The values of quotients are considered with sign digit, carry digit by the rounding unit based on the on-the-fly architecture. After all iterations are finished, an addition cycle is needed for the final rounding. Overall speaking, 4 cycles are used for initialization while 9 cycles are needed for iteration. Rounding the 18 quotient digits to 16 digits will take another cycle. The algorithm needs 14 cycles in total.
IV. IMPLEMENTATION AND COMPARISON
The proposed 16-digit Radix-100 divider, as described in the last section, is modeled with Verilog and implemented by using the STM 90-nm CMOS standard cells library with the typical condition and Synopsys Design Compiler. The critical path falls in the iteration architecture as drawn in Figure 3 .
The cycle time of our implementation is 1.2 ns (including reg time). And the number of cycles is 14. Consequently, the overall latency is 16.8 ns, which equals to 373.3 FO4 in the circumstance of 90-nm standard library.

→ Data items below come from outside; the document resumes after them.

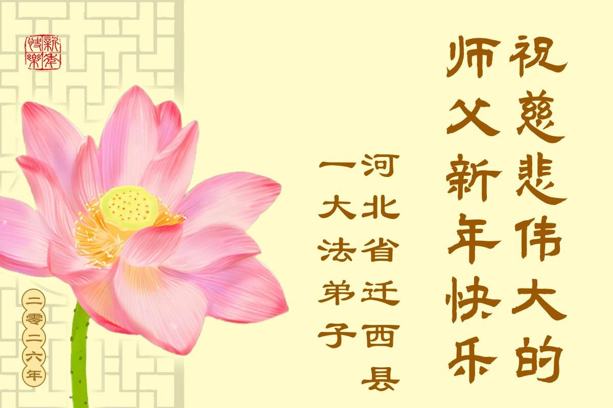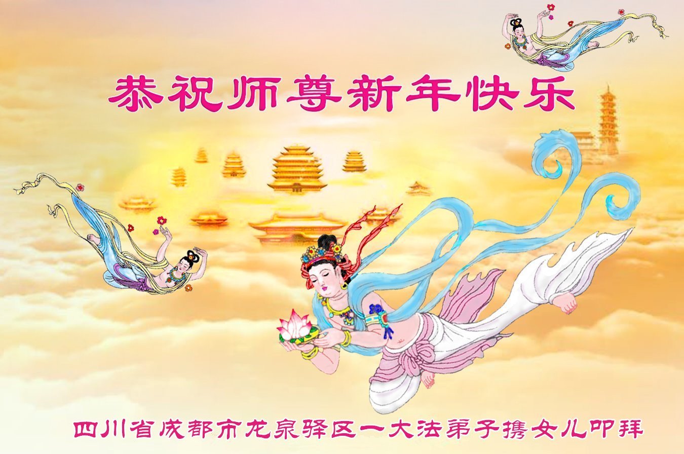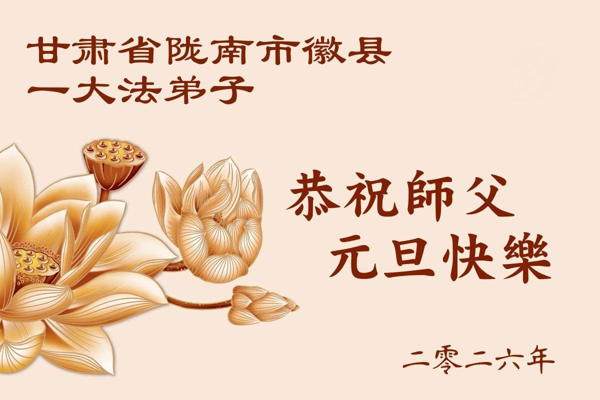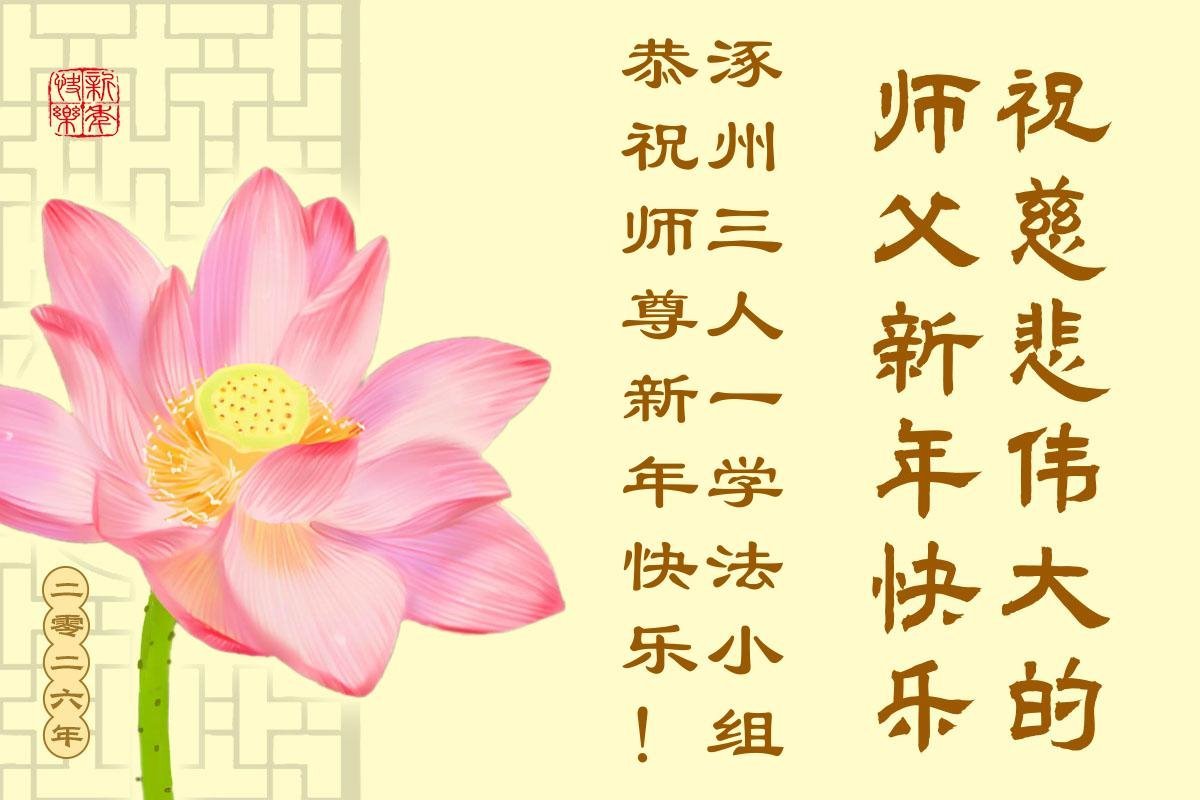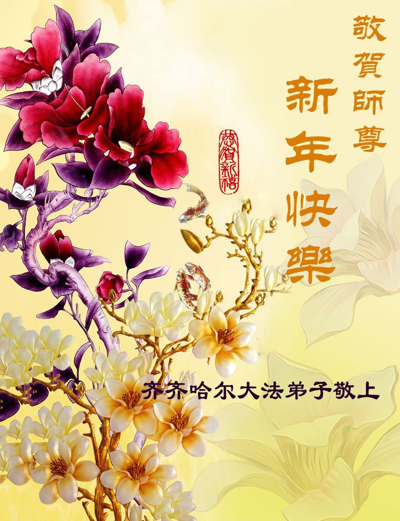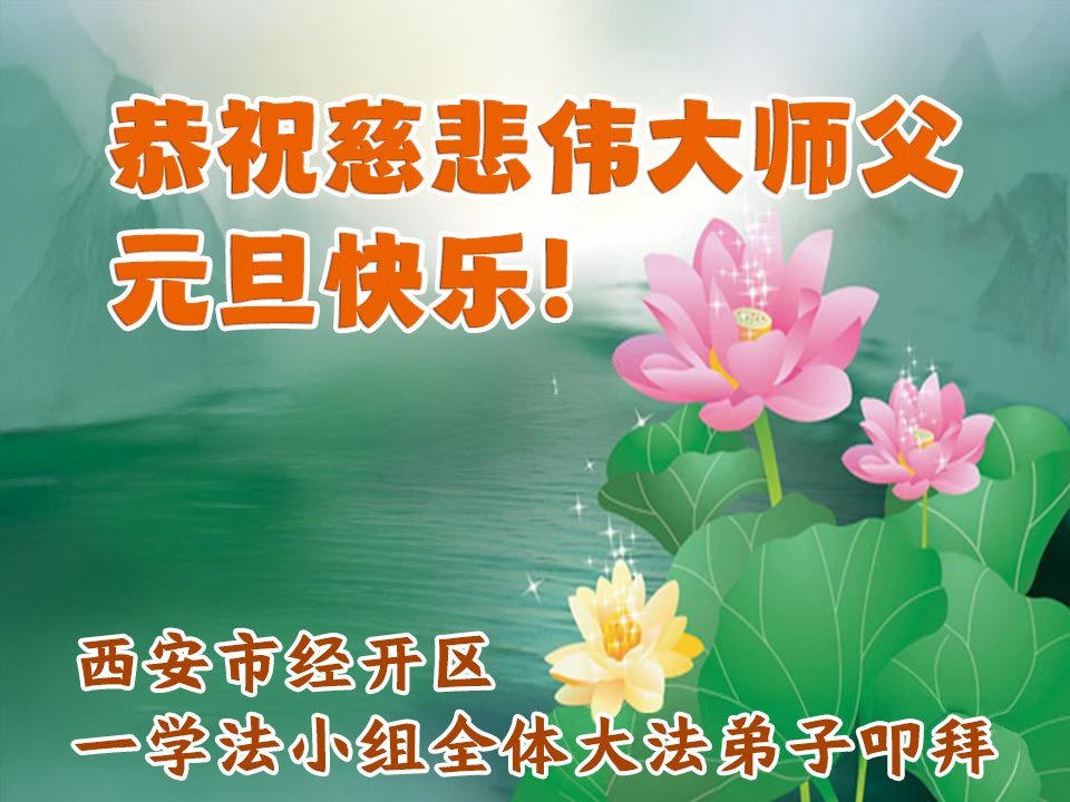 以下是部份來自中國各省、市、地區的學法煉功小組、講真相小組、資料點大法弟子們敬致師尊的新年賀詞賀卡:
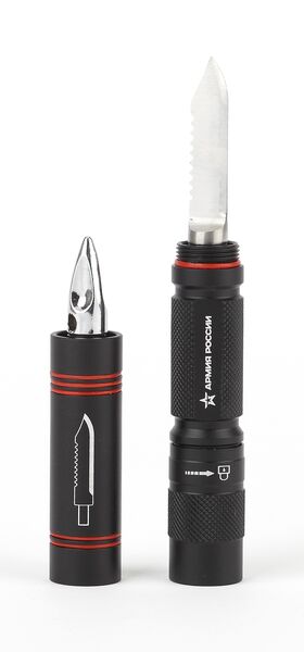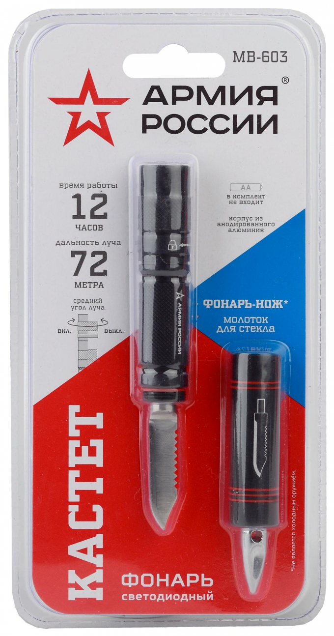 ЭРА Армия России Кастет - фонарь-нож и фонарь-молоток для стекла одновременно. Обладает световым лучом повышенной дальности - 72 метра. Работает от одной пальчиковой батарейки в течение 72 активных часов.Сверхъяркий и суперэкономичный LED-источник света не требует обслуживания и замены на протяжении всего срока службы фонаря. ЭРА Армия России Кастет выпускается в прочном металлическом корпусе с рифлными противоскользящими вставками. Длина ножа - 4,5 см. Двустороннее лезвие - острое и серрейторное (рифлное). Этот фонарь - настоящий трансформер: благодаря съмным откручивающимся ручкам, можно получить отдельно фонарь, нож и молоток для стекла. Лаконичная упаковка от дизайн центра ЭРА в стилистике бренда Армия России. Данный фонарь - часть серии, созданной совместно с АО "Военторг" (действующего на основе лицензии Министерства обороны РФ). Фирменный логотип Армия России с узнаваемой звездой расположен на корпусе изделия.
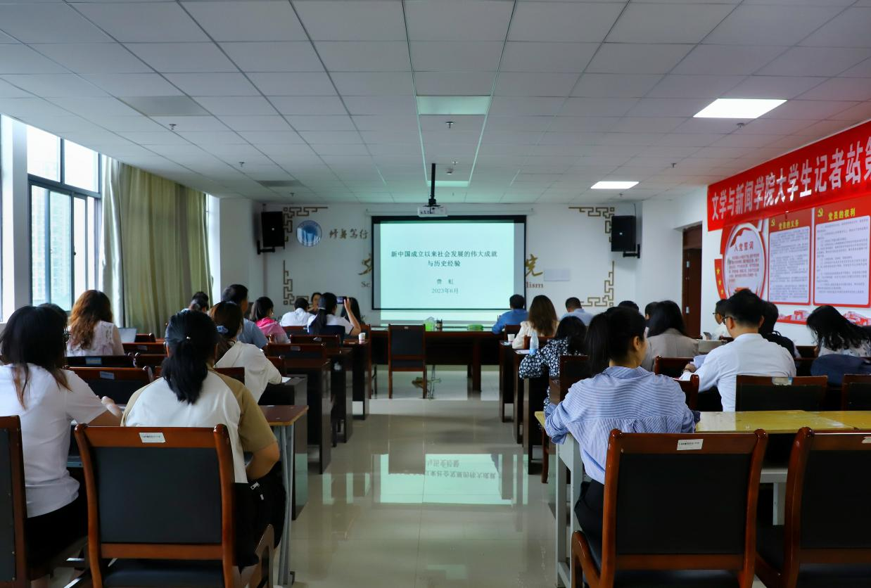 6月29日上午,学校党委委员、副校长费虹在奥学楼617作“新中国成立以来社会发展的伟大成就与历史经验”为题的党史学习教育专题思政课。文学与新闻学院党委、外国语学院党委所属党员,学生处、校团委、招生就业处3个党支部的党员代表到场聆听。(供稿/文学与新闻学院记者站 杨东梅 编辑校对/杨宏霞 梁佳俊 审核/龙尚国)

Since [3] is a Radix-10 implementation with the similar algorithm, its implementation results are comparable. The environment of that implementation is the Power 6 5GHz 13-FO4 cycle time. It takes 82 cycles to reach a 16-digit's accuracy. The latency is 1066 FO4, which is almost 3 times larger than ours. Except the fact that CLA is used in calculating the partial reminder, the selection by truncation algorithm works better in Radix-100 since with some sacrifice in the initialization time, the number of iterations can be reduced a lot, which results in a better latency. Tomas Lang's work [1] is among the top in the field of SRT based Radix-10 division and it is synthesized in the same library as our work. It reached 20ns latency with 1ns per each cycle, which is 444 FO4. Our Radix-100 divider is 16% quicker than Tomas Lang's one.
The comparison shown above and some other implementation results can be found in Table 2 . All the results are based on FO4, which is relatively fair than timing data based on different synthesis environment. The data in the table can prove the Radix-100 divider implemented by us is much faster than those Radix-10 dividers, while maintain the 16-digit precision. A notable feature of Radix-100 can be concluded based on the column showing the number of cycles for any decimal standard. Since the number of iteration cycles of Radix-100 is half the numbers of most Radix-10 algorithms, larger precision means that more cycles can be reduced. Therefore, Radix-100 divider is far beyond to reach of those Radix-10 dividers if Decimal128 (I=34) is required. V. CONSLUSION Due to the increasing demand of fast and precise division, a Radix-100 division algorithm based on a combination of non-restoring and selection by truncation is presented and implemented in this paper. The most advantage of the algorithm utilized, compared with more common SRT based method, is the simple and quick QDS scheme. Two quotient digits can be determined at the same time. Therefore, a great number of iteration cycles are saved, resulting in a small latency.
A table of scaling parameters is built for the use of prescaling. Some techniques help to reduce the number of parameters from 900 to 180. Multiples of scaled divisor are generated in the initialization part, which can save iteration time significantly. The initialization will take relatively larger number of cycles which is still much less than the cycles reduced by the Radix-100 method. To further limit the number of multiples required in the iteration, a compensation method is implemented. By adding or removing some specified compensation values, the multiples are restricted within -5 and 5, which are relatively easy to calculate in the initialization.
The ultimate goal of the proposed divider is a small latency. The proposed algorithm is synthesized with the STM 90-nm standard cells library. 16-digit correct quotients can be produced after 14 cycles, and the latency is 16% faster than [1] , which is much faster than other Radix-10 dividers.